Provided entries:
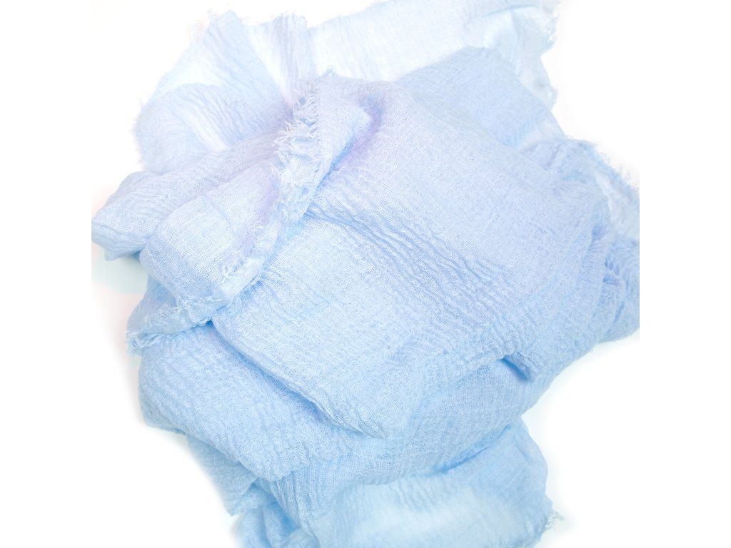 Ľahká dámska šatka vo svetlo modrej farbe. Šatka je po obvode zdobená krátkymi strapcami.
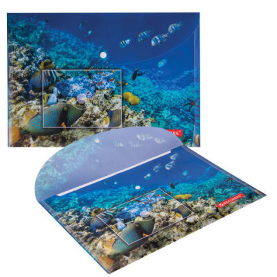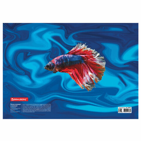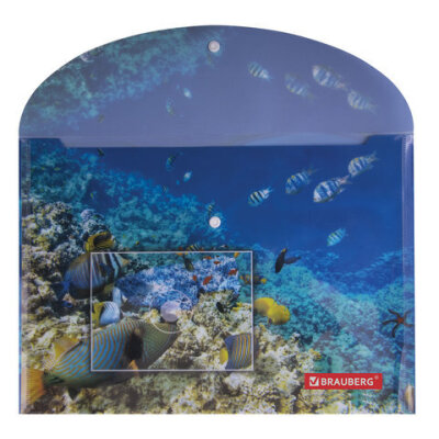 Папка-конверт с кнопкой BRAUBERG "SEA WORLD", А4, 160 мкм, до 100 листов, цветная печать, 228041
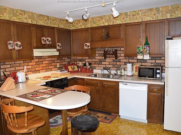 All brick ranch on a huge, level lot with a fenced backyard. Country kitchen features a bar. Enclosed breezeway great for additional seating or storage. Oversized garage. Relax on your covered front deck. 1 yr-old roof & gutters. Propane generator. Convenient to I-79 Elkview or I-77 Sissonville. Welcome Home!
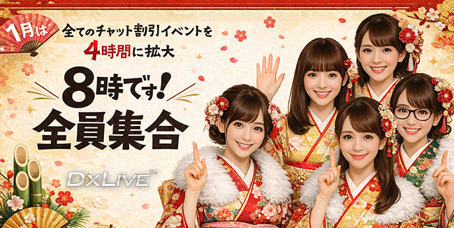 DXLIVEは、2026年のスタートから全チャット割引イベントを毎晩たっぷり4時間でお届け!
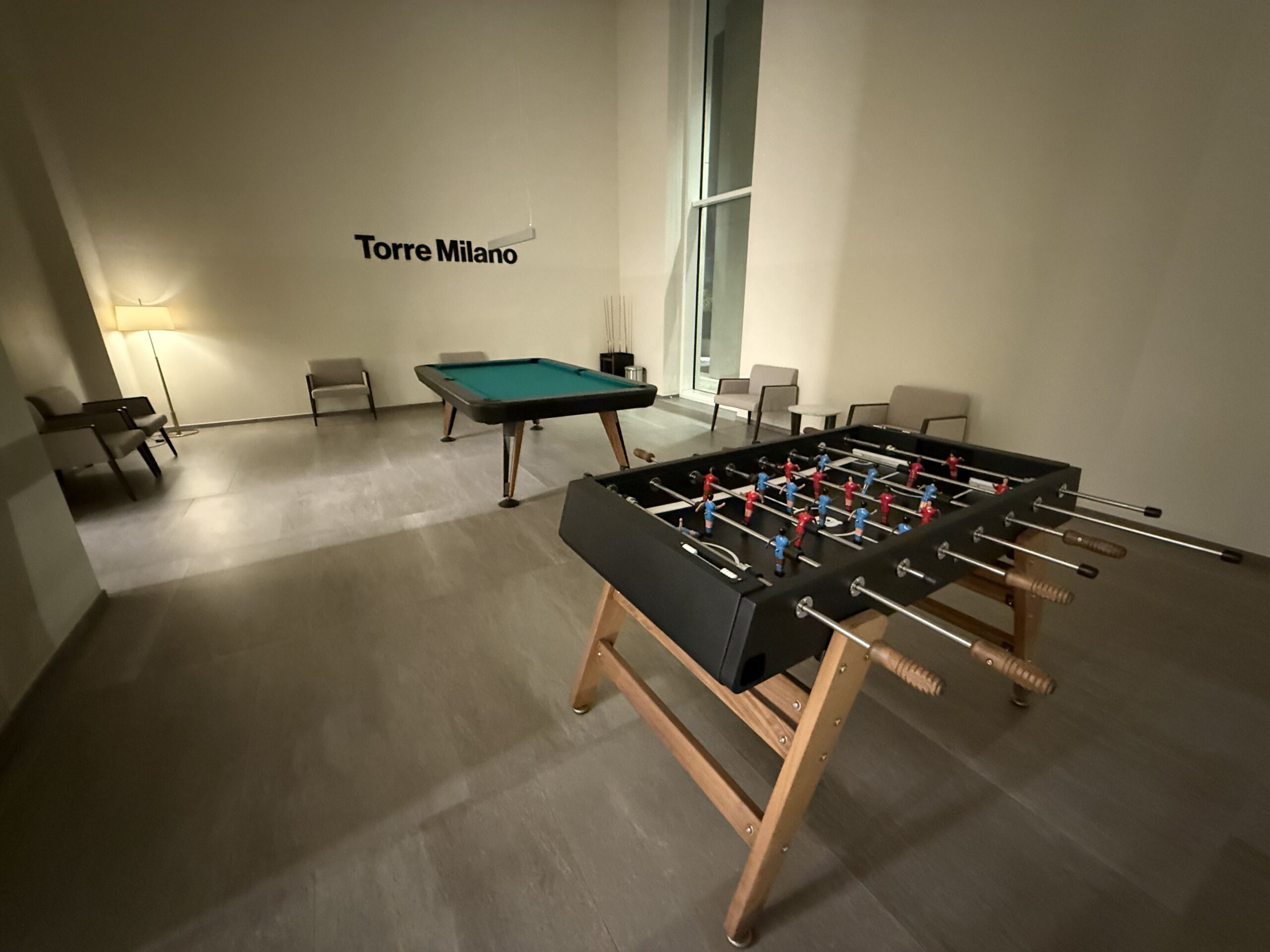 aree hobby con biliardo e ping pong e di una terrazza panoramica al 24° piano che offre una vista mozzafiato sullo skyline milanese. Servizio di conciergerie attivo 24 ore su 24.
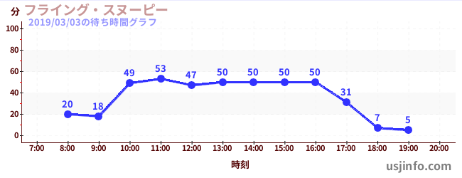 • フライング・スヌーピー$B$N(B2019年03月03日の待ち時間
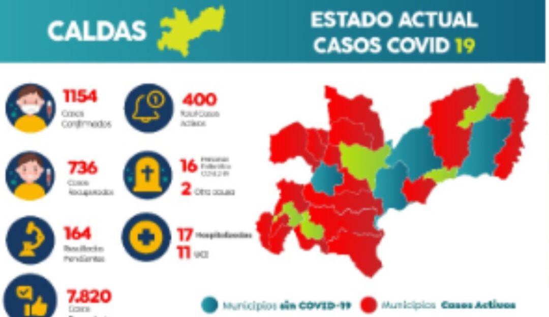 - Manizales: 630 casos confirmados, 240 activos, 382 recuperados y 7 fallecidos.
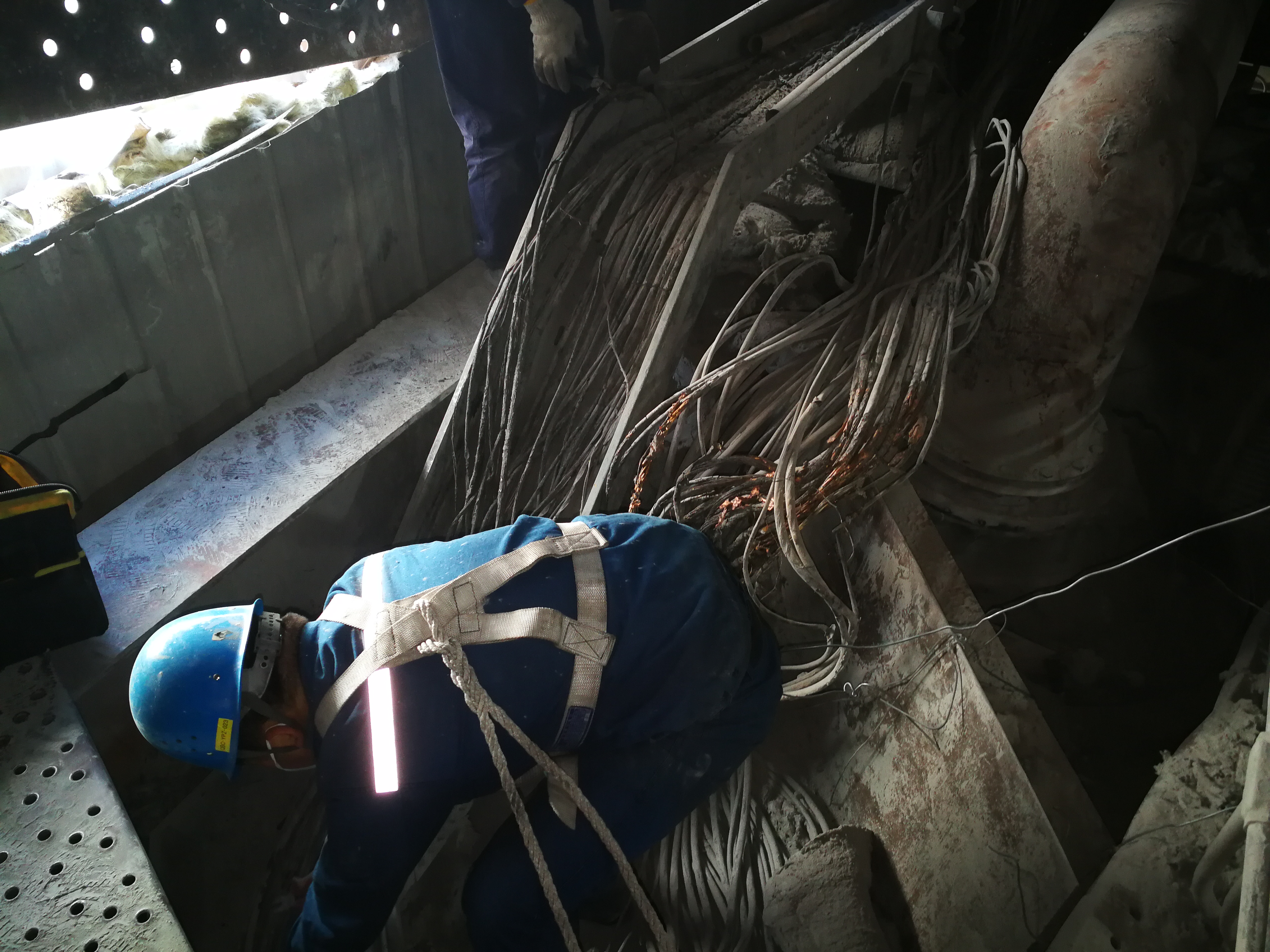清水川能源#2爐A側(cè)熱一次風(fēng)管道接口漏風(fēng),泄漏的熱風(fēng)將大量熱工測(cè)量電纜絕緣燒壞,5月9日,項(xiàng)目部組織人員全力以赴完成燒壞電纜的對(duì)接工作。
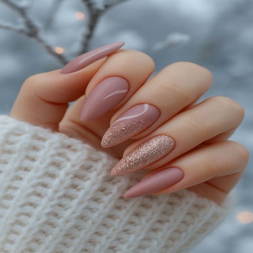 Soft nude-mauve almond nails with delicate white crescent moons on glossy bases, accented by shimmering rose-gold glitter tips for a cozy, ethereal winter elegance. ❄️
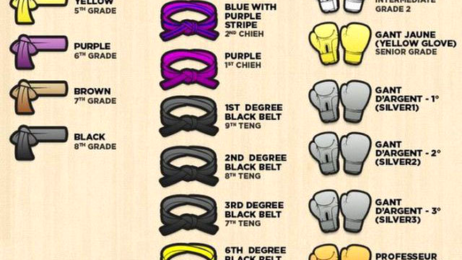 Dacă majoritatea artelor marțiale folosesc centurile pentru a departaja valoarea și aptitudinile practicanților, acestea mergând de la culoarea albă – de regulă începători – până la cea neagră – experți -, alte sporturi, cum ar fi savate, diferențiază valoarea practicanților după culoarea mănușilor.

Exercise objective:
The records above must be echoed exactly, minus their pictures.

Solution:
 Ľahká dámska šatka vo svetlo modrej farbe. Šatka je po obvode zdobená krátkymi strapcami.
 Папка-конверт с кнопкой BRAUBERG "SEA WORLD", А4, 160 мкм, до 100 листов, цветная печать, 228041
 All brick ranch on a huge, level lot with a fenced backyard. Country kitchen features a bar. Enclosed breezeway great for additional seating or storage. Oversized garage. Relax on your covered front deck. 1 yr-old roof & gutters. Propane generator. Convenient to I-79 Elkview or I-77 Sissonville. Welcome Home!
 DXLIVEは、2026年のスタートから全チャット割引イベントを毎晩たっぷり4時間でお届け!
 aree hobby con biliardo e ping pong e di una terrazza panoramica al 24° piano che offre una vista mozzafiato sullo skyline milanese. Servizio di conciergerie attivo 24 ore su 24.
 • フライング・スヌーピー$B$N(B2019年03月03日の待ち時間
 - Manizales: 630 casos confirmados, 240 activos, 382 recuperados y 7 fallecidos.
清水川能源#2爐A側(cè)熱一次風(fēng)管道接口漏風(fēng),泄漏的熱風(fēng)將大量熱工測(cè)量電纜絕緣燒壞,5月9日,項(xiàng)目部組織人員全力以赴完成燒壞電纜的對(duì)接工作。
 Soft nude-mauve almond nails with delicate white crescent moons on glossy bases, accented by shimmering rose-gold glitter tips for a cozy, ethereal winter elegance. ❄️
 Dacă majoritatea artelor marțiale folosesc centurile pentru a departaja valoarea și aptitudinile practicanților, acestea mergând de la culoarea albă – de regulă începători – până la cea neagră – experți -, alte sporturi, cum ar fi savate, diferențiază valoarea practicanților după culoarea mănușilor.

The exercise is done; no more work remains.